• Supplied records:
*-*-*

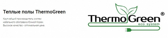 «ThermoGreen» - Південно-корейський виробник продуктів для теплої підлоги входить в корпорациию Green Industry. Розробляє і виробляє продукти електроопалення, екологічно чисті для людського організму.
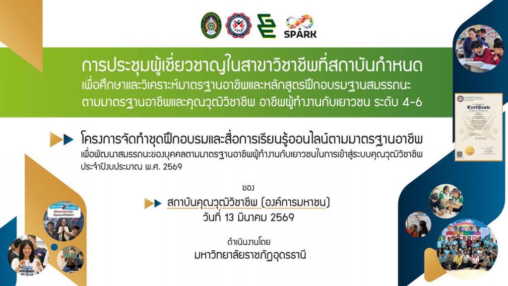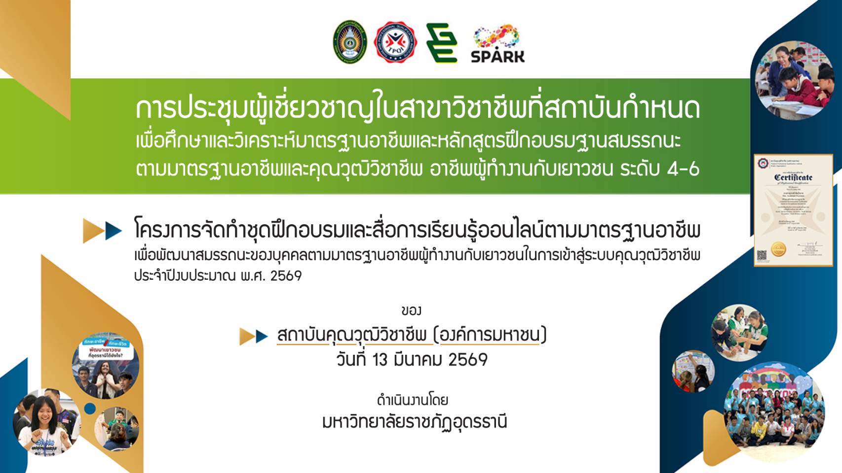 วันที่ 13 มีนาคม 2569 สำนักวิชาศึกษาทั่วไป มหาวิทยาลัยราชภัฏอุดรธานี จัดประชุมผู้เชี่ยวชาญเพื่อศึกษาและวิเคราะห์มาตรฐานอาชีพและหลักสูตรฝึกอบรมฐานสมรรถนะตามมาตรฐานอาชีพและคุณวุฒิวิชาชีพ เพื่อใช้เป็นแนวทางในการออกแบบและจัดทำสื่อการเรียนรู้แบบผสมผสาน (Multimedia) สำหรับหลักสูตรฝึกอบรมตามมาตรฐานสมรรถนะ สาขาวิชาชีพธุรกิจบริการ สาขางานบริการด้านเยาวชน อาชีพผู้ทำงานกับเยาวชน ระดับคุณวุฒิวิชาชีพ 4–6 การประชุมครั้งนี้ดำเนินการภายใต้ โครงการจัดทำชุดฝึกอบรมและสื่อการเรียนรู้ออนไลน์ตามมาตรฐานอาชีพ เพื่อพัฒนาสมรรถนะของบุคคลตามมาตรฐานอาชีพผู้ทำงานกับเยาวชนในการเข้าสู่ระบบคุณวุฒิวิชาชีพ ประจำปีงบประมาณ พ.ศ. 2569 โดยเป็นความร่วมมือระหว่างมหาวิทยาลัยราชภัฏอุดรธานี และสถาบันคุณวุฒิวิชาชีพ (องค์การมหาชน) ในการนี้ ผศ.วรวัฒน์ ทิพจ้อย ผู้อำนวยการสำนักวิชาศึกษาทั่วไป ในฐานะผู้จัดการโครงการ เป็นประธานดำเนินการประชุมร่วมกับคณะทำงานจากสำนักวิชาศึกษาทั่วไป คณะมนุษยศาสตร์และสังคมศาสตร์ และคณะวิทยาการจัดการ มหาวิทยาลัยราชภัฏอุดรธานี พร้อมด้วยคณะผู้เชี่ยวชาญทั้งภายในและภายนอกมหาวิทยาลัย ได้แก่ องค์การยูนิเซฟ ประเทศไทย มหาวิทยาลัยหัวเฉียวเฉลิมพระเกียรติ มหาวิทยาลัยธรรมศาสตร์ และสถาบันยุวทัศน์แห่งประเทศไทย โดยมีผู้แทนจากสถาบันคุณวุฒิวิชาชีพ (องค์การมหาชน) เข้าร่วมสังเกตการณ์และให้ข้อมูลสนับสนุนตลอดการประชุม เพื่อให้การพัฒนาหลักสูตรฝึกอบรมและสื่อการเรียนรู้ออนไลน์เป็นไปตามมาตรฐานอาชีพ และสามารถนำไปใช้พัฒนาศักยภาพผู้ปฏิบัติงานด้านเยาวชนได้อย่างมีประสิทธิภาพ 1 Tags: ประชุมผู้เชี่ยวชาญสาขาวิชาชีพธุรกิจบริการผู้เชี่ยวชาญสคช.สถาบันคุณวุฒิวิชาชีพอาชีพผู้ทำงานกับเยาวชน
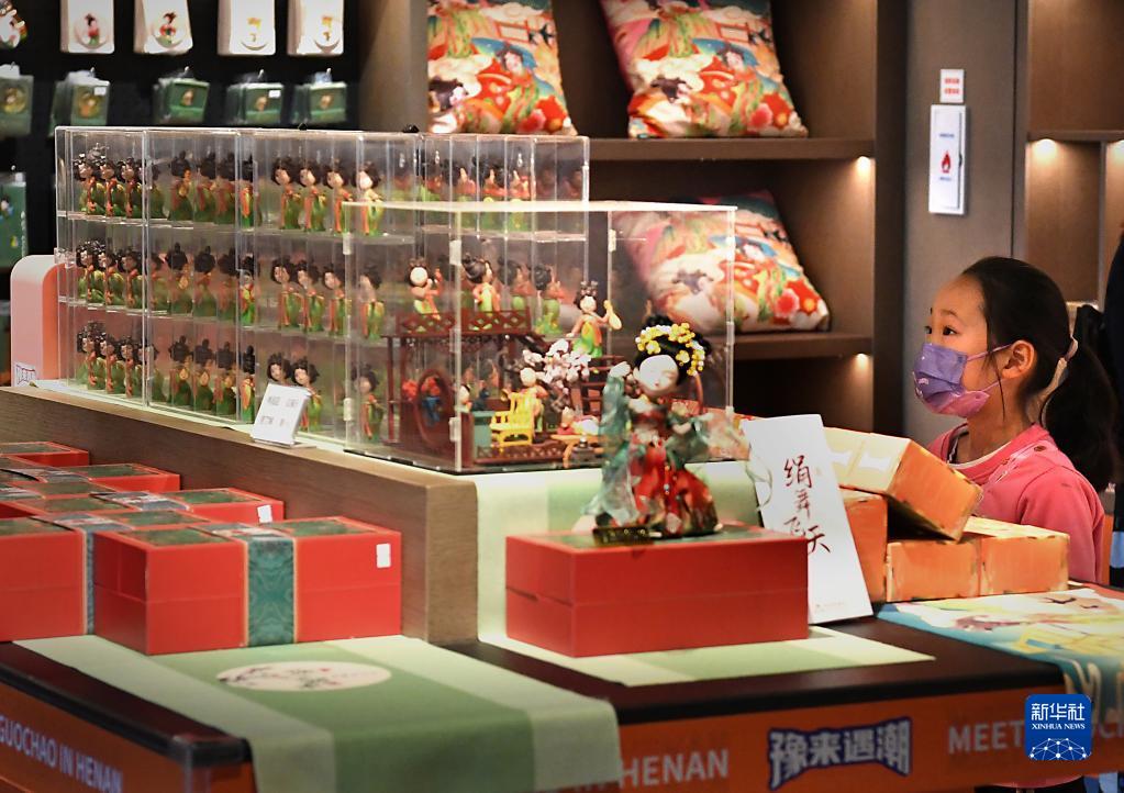 5月17日,一名小朋友在河南博物院文創商店內挑選文創產品。
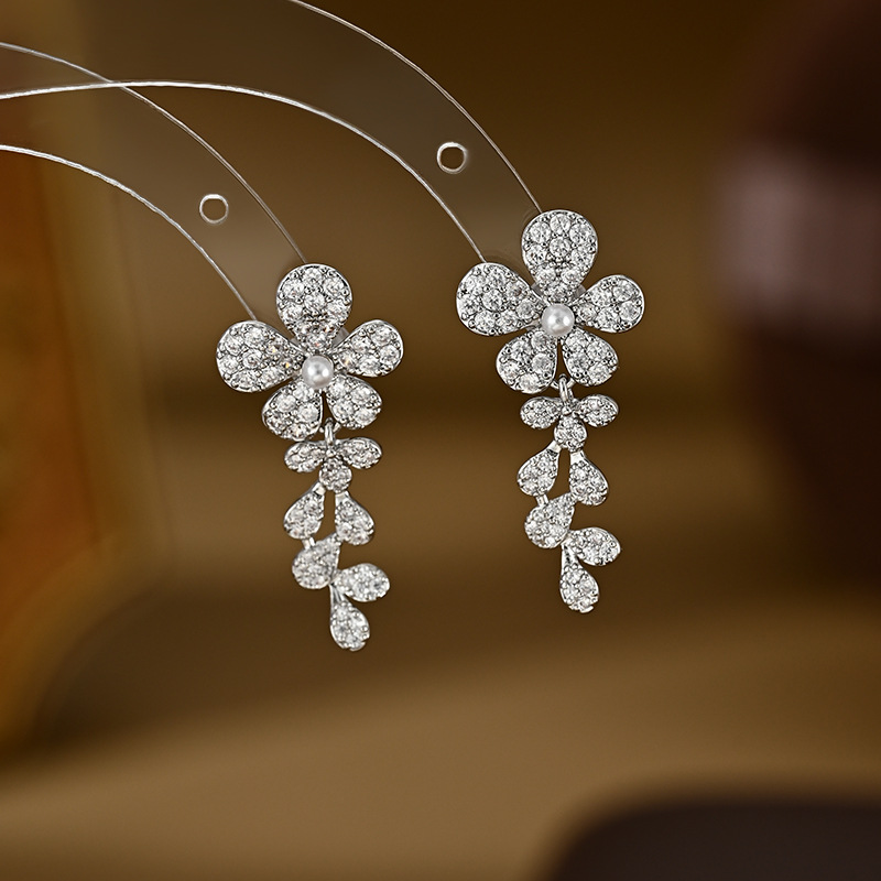 S925银针韩版时尚个性小雏菊耳钉女高级感锆石花瓣耳饰品流苏耳环
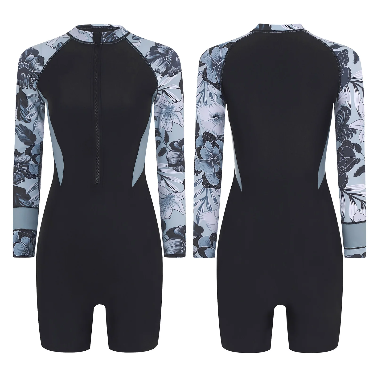 One Piece Floral Print Athletic Swimsuit Swimwear for Women Long Sleeve Zip Front Tropical Plant Surfing Sun Protection Bodysuit
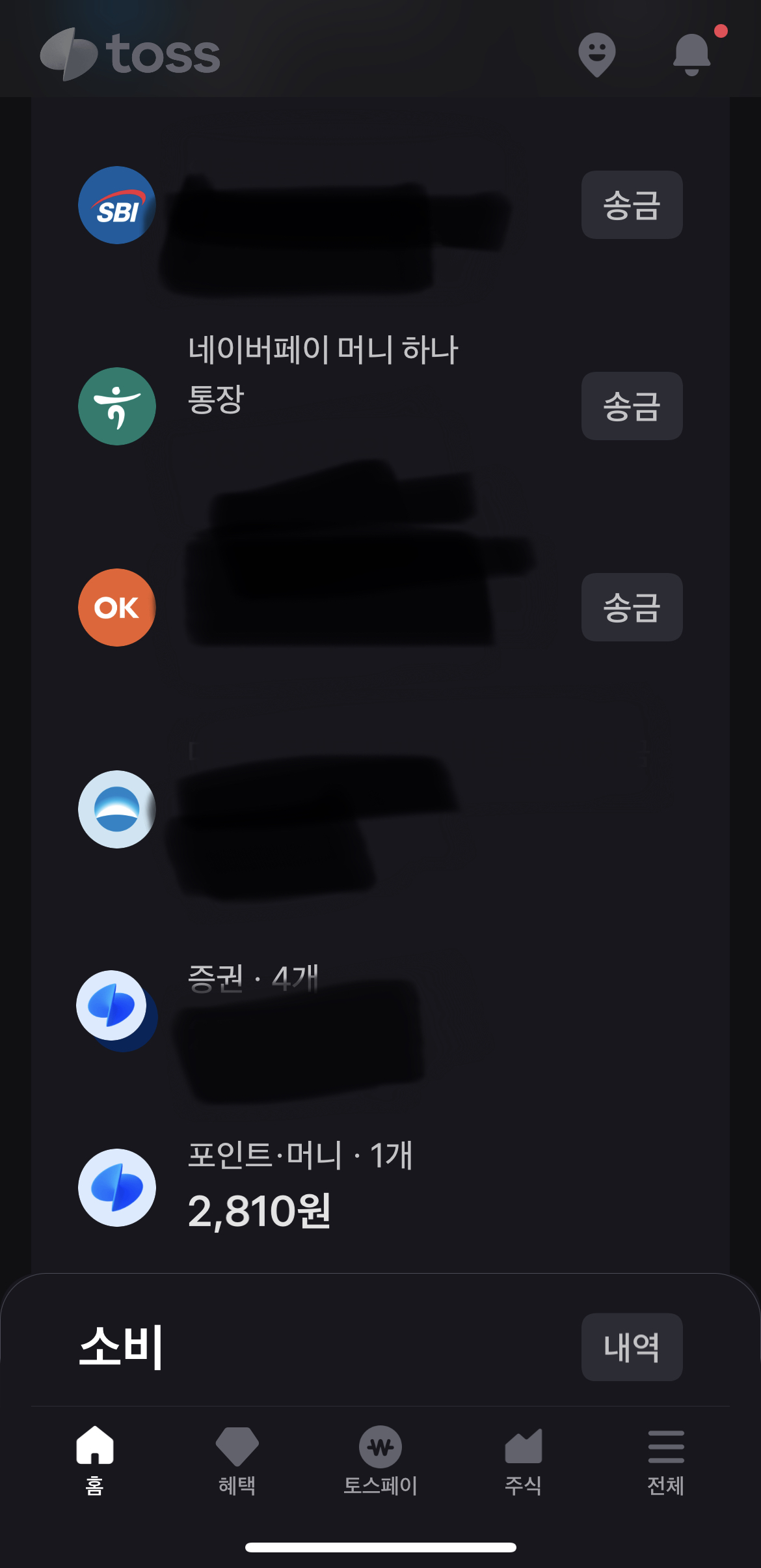 토스 어플에서 바로 현금으로 바꿀 수 있습니다. 아래와 같이 토스에 들어가게 되면 계좌와 포인트가 뜹니다.
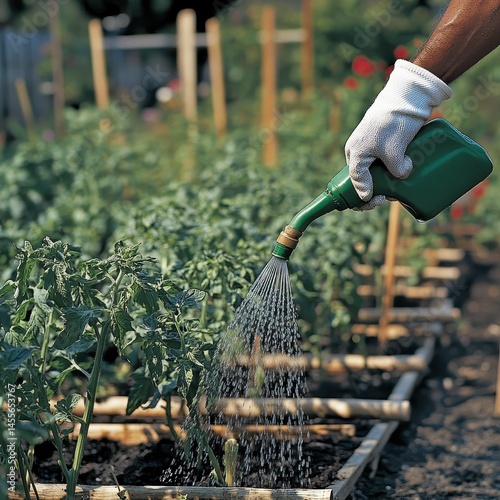 Watering tomato plants in a garden A gloved hand holds a green watering can, pouring water onto plants in raised beds
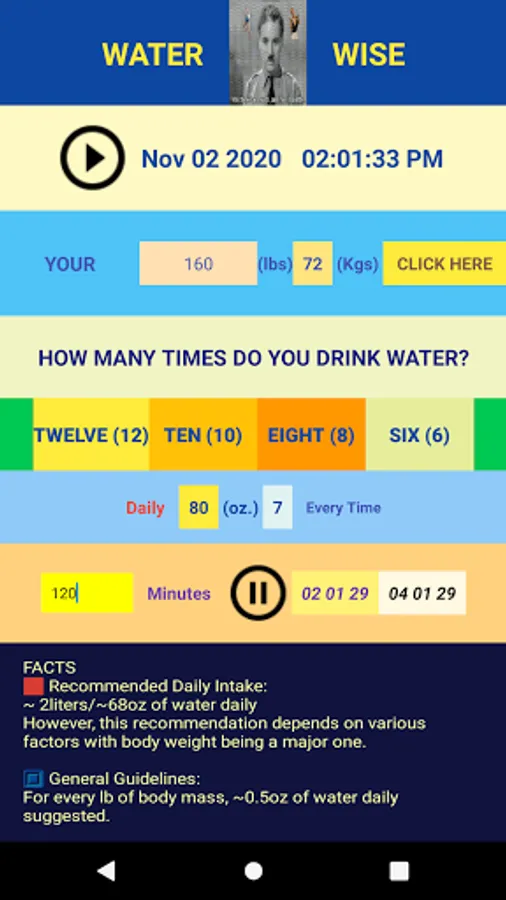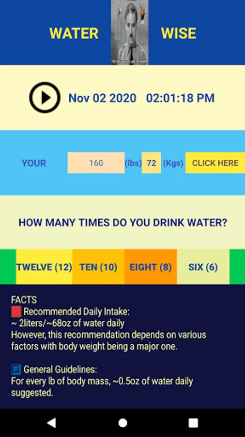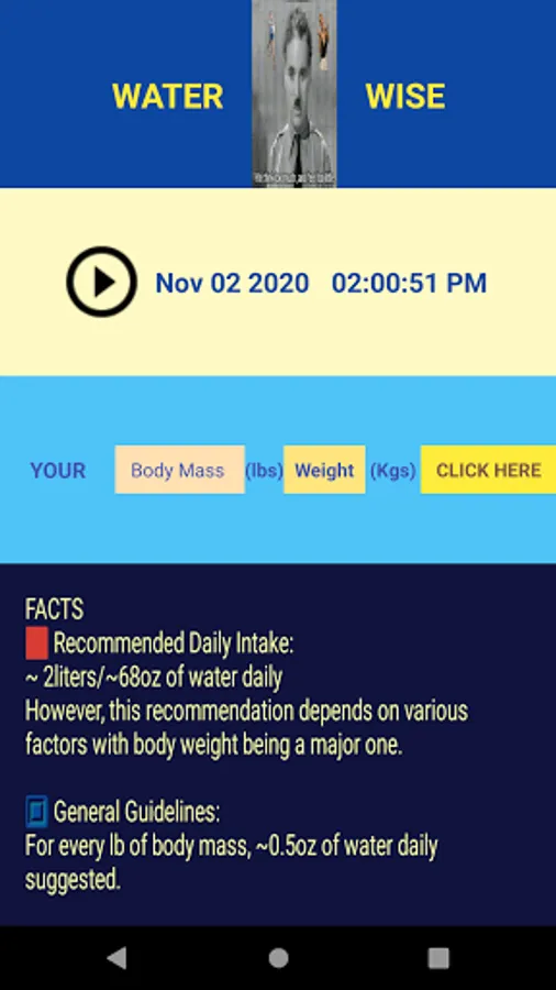 A straightforward and proactive app to remind us to drink water at regular intervals, along with a couple of interesting facts regarding drinking water on a daily basis. The objective of this app is to share info that is simple to use and understand pertaining to health.

*-*-*

• What you have to do:
Output the material above exactly, without pictures.

• Exercise output:
 «ThermoGreen» - Південно-корейський виробник продуктів для теплої підлоги входить в корпорациию Green Industry. Розробляє і виробляє продукти електроопалення, екологічно чисті для людського організму.
 วันที่ 13 มีนาคม 2569 สำนักวิชาศึกษาทั่วไป มหาวิทยาลัยราชภัฏอุดรธานี จัดประชุมผู้เชี่ยวชาญเพื่อศึกษาและวิเคราะห์มาตรฐานอาชีพและหลักสูตรฝึกอบรมฐานสมรรถนะตามมาตรฐานอาชีพและคุณวุฒิวิชาชีพ เพื่อใช้เป็นแนวทางในการออกแบบและจัดทำสื่อการเรียนรู้แบบผสมผสาน (Multimedia) สำหรับหลักสูตรฝึกอบรมตามมาตรฐานสมรรถนะ สาขาวิชาชีพธุรกิจบริการ สาขางานบริการด้านเยาวชน อาชีพผู้ทำงานกับเยาวชน ระดับคุณวุฒิวิชาชีพ 4–6 การประชุมครั้งนี้ดำเนินการภายใต้ โครงการจัดทำชุดฝึกอบรมและสื่อการเรียนรู้ออนไลน์ตามมาตรฐานอาชีพ เพื่อพัฒนาสมรรถนะของบุคคลตามมาตรฐานอาชีพผู้ทำงานกับเยาวชนในการเข้าสู่ระบบคุณวุฒิวิชาชีพ ประจำปีงบประมาณ พ.ศ. 2569 โดยเป็นความร่วมมือระหว่างมหาวิทยาลัยราชภัฏอุดรธานี และสถาบันคุณวุฒิวิชาชีพ (องค์การมหาชน) ในการนี้ ผศ.วรวัฒน์ ทิพจ้อย ผู้อำนวยการสำนักวิชาศึกษาทั่วไป ในฐานะผู้จัดการโครงการ เป็นประธานดำเนินการประชุมร่วมกับคณะทำงานจากสำนักวิชาศึกษาทั่วไป คณะมนุษยศาสตร์และสังคมศาสตร์ และคณะวิทยาการจัดการ มหาวิทยาลัยราชภัฏอุดรธานี พร้อมด้วยคณะผู้เชี่ยวชาญทั้งภายในและภายนอกมหาวิทยาลัย ได้แก่ องค์การยูนิเซฟ ประเทศไทย มหาวิทยาลัยหัวเฉียวเฉลิมพระเกียรติ มหาวิทยาลัยธรรมศาสตร์ และสถาบันยุวทัศน์แห่งประเทศไทย โดยมีผู้แทนจากสถาบันคุณวุฒิวิชาชีพ (องค์การมหาชน) เข้าร่วมสังเกตการณ์และให้ข้อมูลสนับสนุนตลอดการประชุม เพื่อให้การพัฒนาหลักสูตรฝึกอบรมและสื่อการเรียนรู้ออนไลน์เป็นไปตามมาตรฐานอาชีพ และสามารถนำไปใช้พัฒนาศักยภาพผู้ปฏิบัติงานด้านเยาวชนได้อย่างมีประสิทธิภาพ 1 Tags: ประชุมผู้เชี่ยวชาญสาขาวิชาชีพธุรกิจบริการผู้เชี่ยวชาญสคช.สถาบันคุณวุฒิวิชาชีพอาชีพผู้ทำงานกับเยาวชน
 5月17日,一名小朋友在河南博物院文創商店內挑選文創產品。
 S925银针韩版时尚个性小雏菊耳钉女高级感锆石花瓣耳饰品流苏耳环
 One Piece Floral Print Athletic Swimsuit Swimwear for Women Long Sleeve Zip Front Tropical Plant Surfing Sun Protection Bodysuit
 토스 어플에서 바로 현금으로 바꿀 수 있습니다. 아래와 같이 토스에 들어가게 되면 계좌와 포인트가 뜹니다.
 Watering tomato plants in a garden A gloved hand holds a green watering can, pouring water onto plants in raised beds
 A straightforward and proactive app to remind us to drink water at regular intervals, along with a couple of interesting facts regarding drinking water on a daily basis. The objective of this app is to share info that is simple to use and understand pertaining to health.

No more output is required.